Stage I Revision ACL Reconstruction With Allograft Bone Dowels

Video Transcript

Hi, my name is Steve Marcaccio, and together with Dr Robin Dunn, Dr Justin Arner, and Dr James Bradley, we will present our technique for stage I revision anterior cruciate ligament (ACL) reconstruction with allograft bone dowels. These are our disclosures.

When evaluating a patient with a failed ACL reconstruction, the most critical aspects of the workup are a thorough history and a careful physical examination. What graft was used during the index surgery? Did their knee ever feel stable afterward? What was the mechanism of re-injury?
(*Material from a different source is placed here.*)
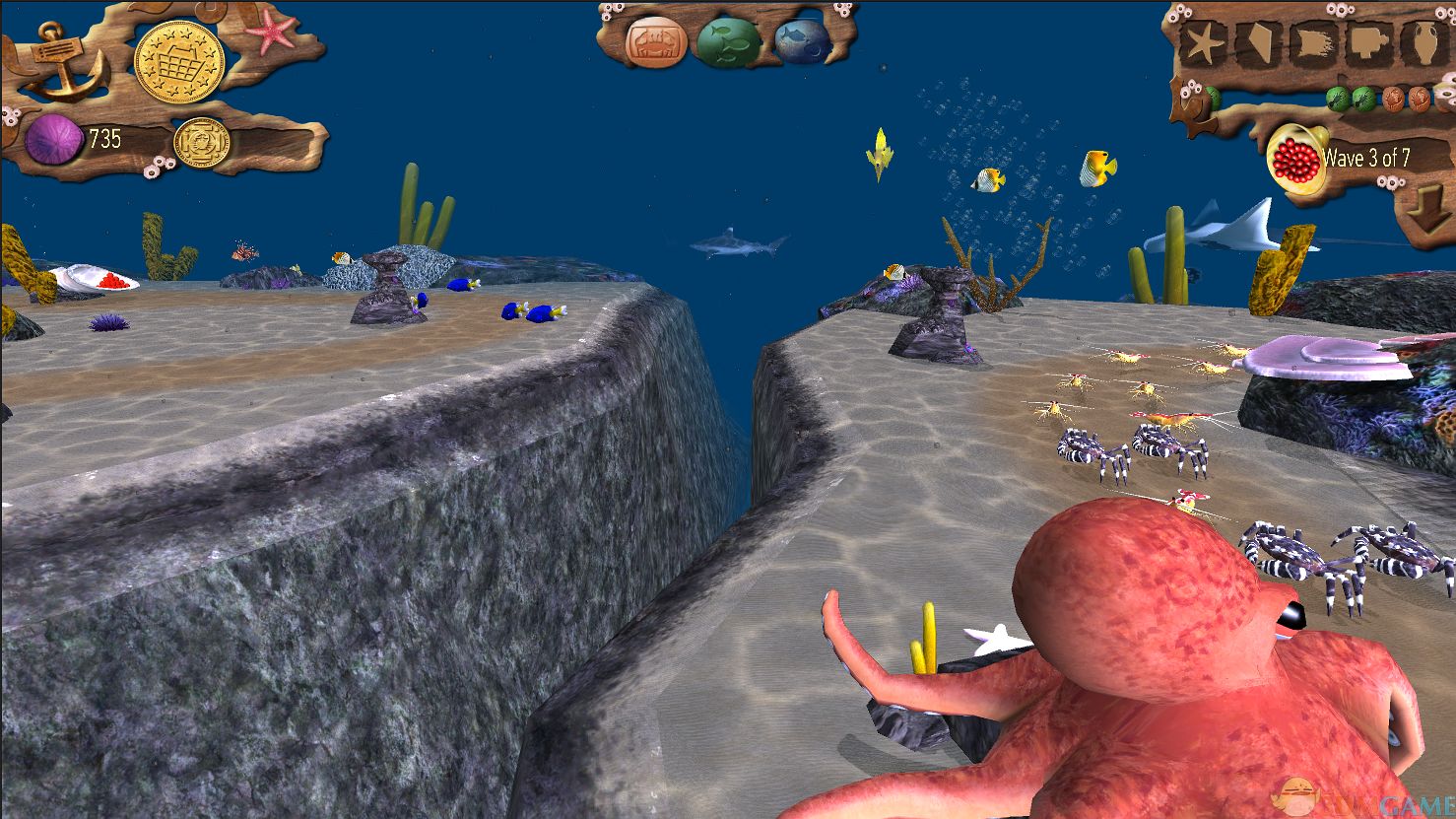 游戏讲述了在这个海底世界里,螃蟹和小鱼成了对立的阵营,在海底世界展开了战斗,那么我们的小鱼究竟要怎样才能战胜强大的螃蟹呢?让我们一起来进入游戏来看下吧。

On examination, it is important to note the location of previous incisions, the patient’s overall standing alignment, their quadriceps tone, whether they have laxity with the Lachman, anterior drawer, or pivot shift testing, and any evidence of missed concomitant injuries such as posterolateral corner injury. ² We routinely obtain standing anteroposterior (AP), lateral, flexion posteroanterior, and merchant radiographs of the affected knee to critically assess the position and size of the original femoral and tibial tunnels, as well as the type of fixation used.^3,6 Furthermore, we routinely obtain full-length alignment films, including a full-length lateral film of the tibia, to evaluate coronal alignment and tibial slope. Overall, our goal is not to miss any underlying abnormality that may have predisposed to failure. We also routinely obtain a computed tomographic (CT) scan of the affected knee to more accurately measure the diameter and location of the femoral and tibial bone tunnels, and a magnetic resonance imaging (MRI) to evaluate the associated soft tissues, searching for additional pathology in the meniscus, capsule, and collateral ligaments that may have contributed to failure. Furthermore, while rare, infection can also be a cause of failure of ACL reconstruction, and should always be considered, especially in presentations without a mechanical cause of failure (no traumatic event, otherwise well placed tunnels). In the event of infection, this technique can still be used as part of a 2-stage revision ACL reconstruction; however, a thorough debridement of the surgical site, including an aggressive reaming of the previously used tunnels, should be performed first, followed by culture-specific antibiotic therapy in the postoperative period.

Our general indications for staging revision ACL reconstruction include any situation in which the previous bone tunnels will interfere with anatomic graft placement and fixation, which often occurs after significant tunnel dilation, specifically with tunnel dilation greater than 14 mm. ⁵

Our patient is a 31-year-old male, 18 months status post left knee ACL reconstruction with tibialis anterior allograft, performed at an outside hospital. Unfortunately, he sustained a re-injury during an awkward landing while playing basketball. On examination in our clinic, he had a small effusion, a 2B Lachman, and a 2+ pivot shift test.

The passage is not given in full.